■ **EXTRACTED ENTRIES**

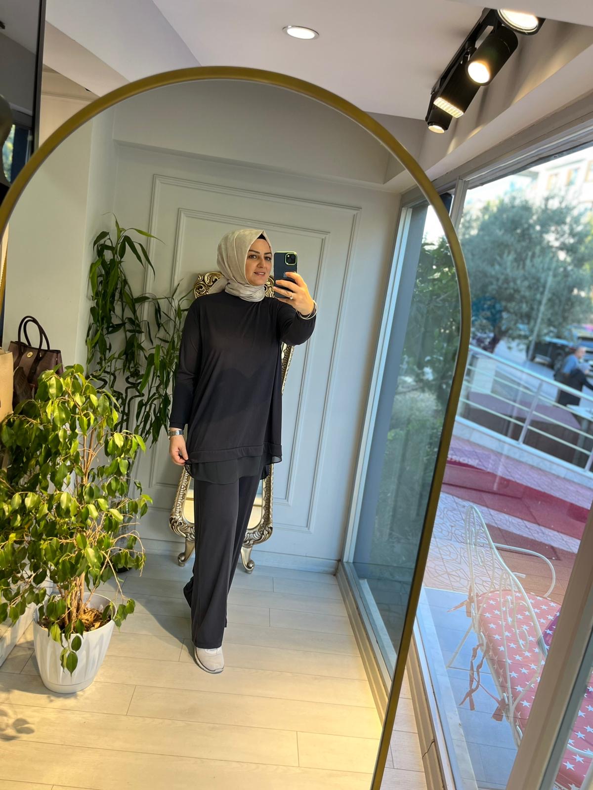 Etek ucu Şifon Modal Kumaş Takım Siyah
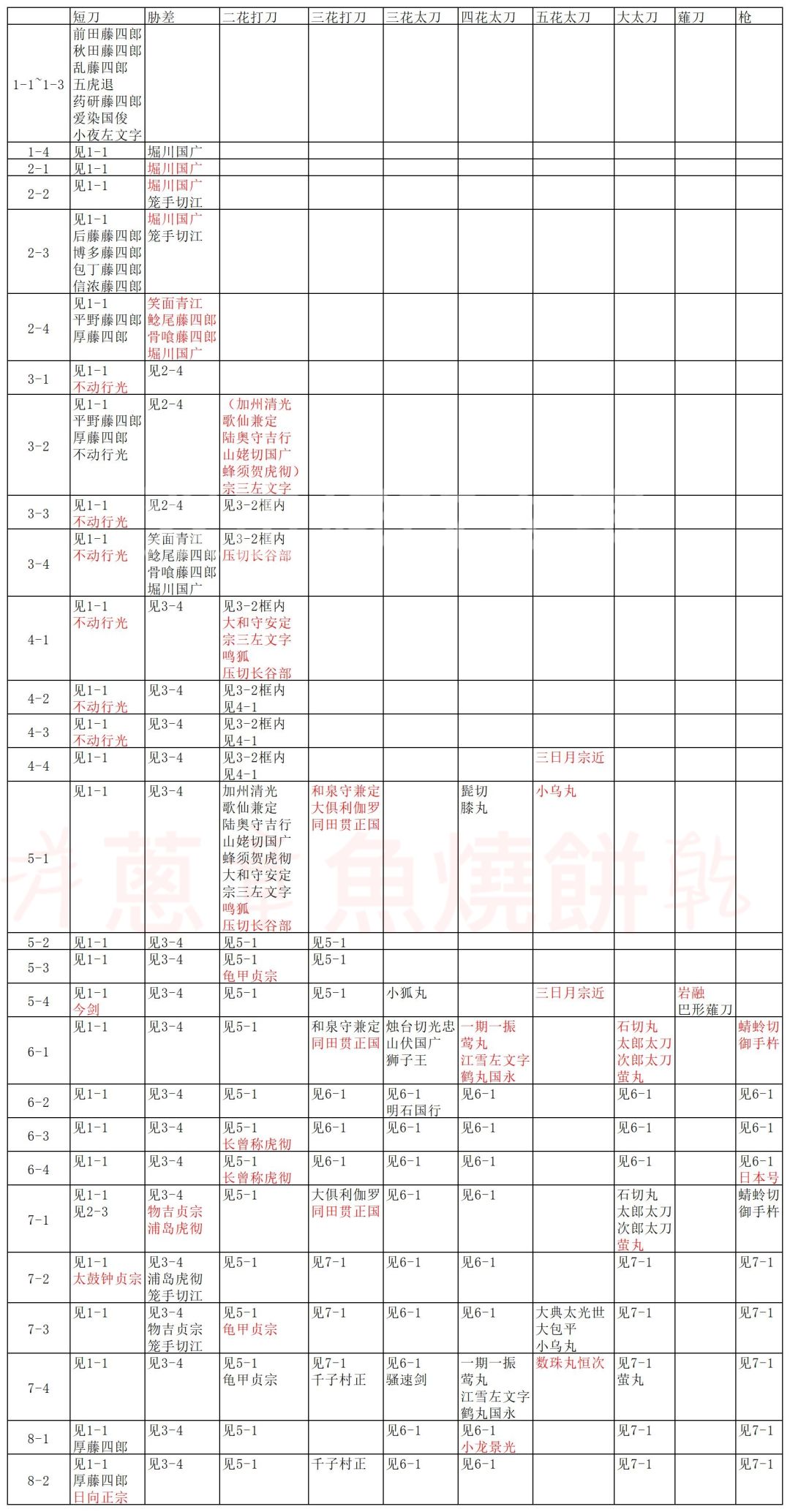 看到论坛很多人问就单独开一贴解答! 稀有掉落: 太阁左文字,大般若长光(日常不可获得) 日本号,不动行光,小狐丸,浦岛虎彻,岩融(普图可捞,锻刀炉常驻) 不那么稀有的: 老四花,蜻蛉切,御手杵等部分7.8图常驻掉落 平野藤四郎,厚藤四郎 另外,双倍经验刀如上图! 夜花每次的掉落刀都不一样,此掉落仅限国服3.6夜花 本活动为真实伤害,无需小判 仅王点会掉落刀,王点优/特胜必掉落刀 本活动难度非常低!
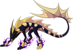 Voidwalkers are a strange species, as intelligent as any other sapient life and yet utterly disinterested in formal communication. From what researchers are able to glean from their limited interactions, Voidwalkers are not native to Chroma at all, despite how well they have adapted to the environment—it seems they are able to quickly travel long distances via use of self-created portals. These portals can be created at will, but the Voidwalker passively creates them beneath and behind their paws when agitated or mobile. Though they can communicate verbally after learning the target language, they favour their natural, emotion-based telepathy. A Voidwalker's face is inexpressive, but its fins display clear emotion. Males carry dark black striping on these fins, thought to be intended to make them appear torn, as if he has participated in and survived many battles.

---

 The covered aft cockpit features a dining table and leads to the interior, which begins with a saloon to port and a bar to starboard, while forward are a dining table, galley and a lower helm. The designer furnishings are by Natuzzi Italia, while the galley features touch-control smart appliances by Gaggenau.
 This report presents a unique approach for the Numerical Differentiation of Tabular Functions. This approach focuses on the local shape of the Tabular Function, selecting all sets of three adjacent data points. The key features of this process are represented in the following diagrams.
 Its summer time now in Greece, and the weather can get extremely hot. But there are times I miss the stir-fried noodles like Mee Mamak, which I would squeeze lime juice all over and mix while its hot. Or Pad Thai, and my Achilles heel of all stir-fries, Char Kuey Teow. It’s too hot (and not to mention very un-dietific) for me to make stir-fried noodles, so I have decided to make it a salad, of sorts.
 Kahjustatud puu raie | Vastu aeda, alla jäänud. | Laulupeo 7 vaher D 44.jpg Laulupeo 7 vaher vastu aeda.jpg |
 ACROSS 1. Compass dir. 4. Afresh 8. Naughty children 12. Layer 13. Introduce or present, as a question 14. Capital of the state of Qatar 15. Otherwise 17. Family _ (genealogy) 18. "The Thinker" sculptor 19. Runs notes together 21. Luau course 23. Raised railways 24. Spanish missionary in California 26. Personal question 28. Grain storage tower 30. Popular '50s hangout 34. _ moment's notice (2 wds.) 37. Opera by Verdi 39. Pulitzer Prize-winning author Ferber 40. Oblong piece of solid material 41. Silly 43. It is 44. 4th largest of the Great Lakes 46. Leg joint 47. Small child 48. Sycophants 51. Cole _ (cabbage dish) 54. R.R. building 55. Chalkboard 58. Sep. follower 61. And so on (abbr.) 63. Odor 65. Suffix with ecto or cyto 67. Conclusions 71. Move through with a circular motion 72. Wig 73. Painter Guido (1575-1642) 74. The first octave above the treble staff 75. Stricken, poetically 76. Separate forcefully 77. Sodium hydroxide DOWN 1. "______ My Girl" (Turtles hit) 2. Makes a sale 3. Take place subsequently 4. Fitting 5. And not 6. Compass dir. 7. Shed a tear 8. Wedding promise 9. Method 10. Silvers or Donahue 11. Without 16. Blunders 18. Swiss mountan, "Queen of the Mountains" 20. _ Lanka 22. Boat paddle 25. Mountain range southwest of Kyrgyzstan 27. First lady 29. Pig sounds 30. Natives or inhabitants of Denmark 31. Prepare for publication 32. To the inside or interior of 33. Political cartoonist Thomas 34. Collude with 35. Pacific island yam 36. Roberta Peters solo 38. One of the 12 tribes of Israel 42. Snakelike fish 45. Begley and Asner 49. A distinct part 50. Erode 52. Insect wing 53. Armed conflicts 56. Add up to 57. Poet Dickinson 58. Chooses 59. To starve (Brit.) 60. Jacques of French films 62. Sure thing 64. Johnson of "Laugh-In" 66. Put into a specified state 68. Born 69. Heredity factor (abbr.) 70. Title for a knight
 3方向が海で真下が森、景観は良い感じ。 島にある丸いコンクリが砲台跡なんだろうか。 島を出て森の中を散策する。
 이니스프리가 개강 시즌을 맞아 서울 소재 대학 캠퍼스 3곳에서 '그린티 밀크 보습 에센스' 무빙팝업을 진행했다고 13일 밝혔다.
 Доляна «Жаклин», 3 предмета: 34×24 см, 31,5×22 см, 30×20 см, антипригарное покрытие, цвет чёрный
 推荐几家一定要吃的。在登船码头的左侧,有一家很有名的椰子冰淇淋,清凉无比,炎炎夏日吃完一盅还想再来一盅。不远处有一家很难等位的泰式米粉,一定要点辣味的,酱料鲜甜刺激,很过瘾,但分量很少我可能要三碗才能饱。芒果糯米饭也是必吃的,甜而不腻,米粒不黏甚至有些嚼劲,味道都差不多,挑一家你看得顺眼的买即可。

■ **TASK TO COMPLETE**
Please filter the entries for the word "while" and copy the lines that have it.

■ **TASK OUTPUT**
 The covered aft cockpit features a dining table and leads to the interior, which begins with a saloon to port and a bar to starboard, while forward are a dining table, galley and a lower helm. The designer furnishings are by Natuzzi Italia, while the galley features touch-control smart appliances by Gaggenau.
 Its summer time now in Greece, and the weather can get extremely hot. But there are times I miss the stir-fried noodles like Mee Mamak, which I would squeeze lime juice all over and mix while its hot. Or Pad Thai, and my Achilles heel of all stir-fries, Char Kuey Teow. It’s too hot (and not to mention very un-dietific) for me to make stir-fried noodles, so I have decided to make it a salad, of sorts.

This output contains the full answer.